The second model, shown in Figure 3.2, integrated the CLT concepts into the usability concepts. It described that the relationship between the learner and the educational software. CLT defines the user as a learner and the task as learning. Learners need to finish the task though using the educational software. If learners can use the software to finish a task successfully, they should be able to construct new schema after finishing the task. The goal of educational

software is to adapt the Intrinsic Cognitive Load, to reduce the Extraneous Cognitive Load and to foster the Germane Cognitive Load, through assigning tasks to users. Hence, when designing educational software, providing facilities following the best practice instructional design guidance from education

research results is essential. By providing the appropriate level of worked examples as tasks, learners should be able to finish the task successfully to adapt Intrinsic Cognitive Load under the designer expectation. Decreasing the Extraneous Cognitive Load can also be achieved through reducing the irrelevant learning of using the software by making the software easy to use. When

evaluating tool usability , traditional HCI evaluation methods to evaluate the learner user interface can be applied.[105]

To summarise, when initially designing educational software, attention should be paid to designing an intuitive user interface for students. This kind of easy to learn and use interface can reduce the factors which could increase Extraneous Cognitive Load for learners. When evaluating the usability of educational

software, attention should be paid to whether the students can engage with the contents as the designers expect or predict. The usability of the user interface needs to be good enough to be operated by learners; otherwise they may stop using it. However, it is less important to provide a highly usable interface for

teachers, as they can tolerate a sufficiently usable user interface to achieve their objective, if they are highly motivated. Later on, attention can be paid on improving the user interface for the teacher.

Based on the discussion above, the strategy of evaluating IWE can be described below, with the aim of answering the research questions:

 For teacher users, usability evaluation should be qualitative.
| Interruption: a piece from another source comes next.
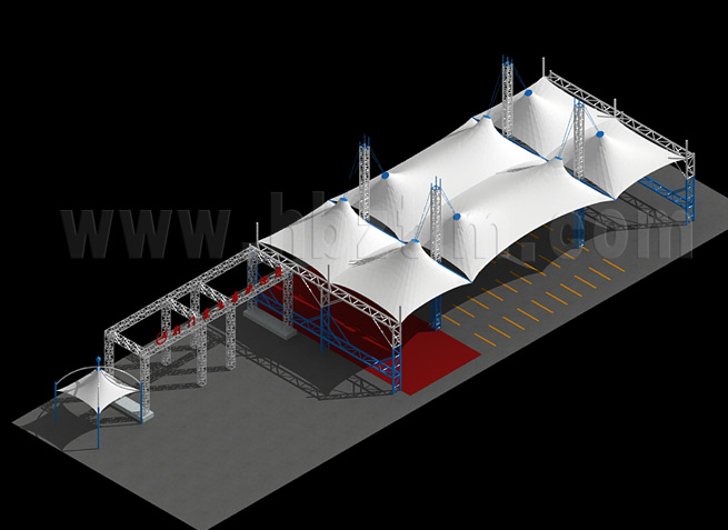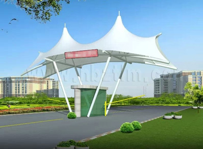 膜材采用PVDF国产或者进口建筑膜材、PTFE玻璃纤维建筑膜材、ETFE透明的永久性建筑膜材;自动放样裁剪,高频焊接,拉伸效果超强,曲线成型可千变万化;膜材质保一般可达15-20年。

It should focus on proving the concept, which means the teacher user should be able to create and modify interactive worked examples by using this authoring environment. A usage experience report is required that identifies the problems during the process of creating and adapting worked examples. The teacher must be aware of expected Intrinsic Cognitive Load before creating worked examples, which means that the designed worked examples need to match the students’ previous

experience. The authoring environment must provide the means for the teacher to achieve instructional designs by reducing the Extraneous Cognitive Load, and fostering Germane Cognitive Load.

 For student users, usability evaluation should focus on finding the

evidence from looking at the users’ log traces. Students’ feedback about worked examples can be another resource to identify whether the level of Intrinsic Cognitive Load is appropriate or not. All evidence aims to

demonstrate delivered interactive worked examples are useable and useful to students. It also needs to measure the satisfaction with using this tool to ensure the Extraneous Cognitive Load is being minimised.  For both teacher and student users, usability evaluation should focus on

the utility of feedback, for example, how to apply the feedback to adapt the Intrinsic Cognitive Load, which needs to be processed by the students. The aim is to evaluate whether the teacher can take action to modify the worked examples based on students’ feedback or create new examples dynamically for the ongoing course progression.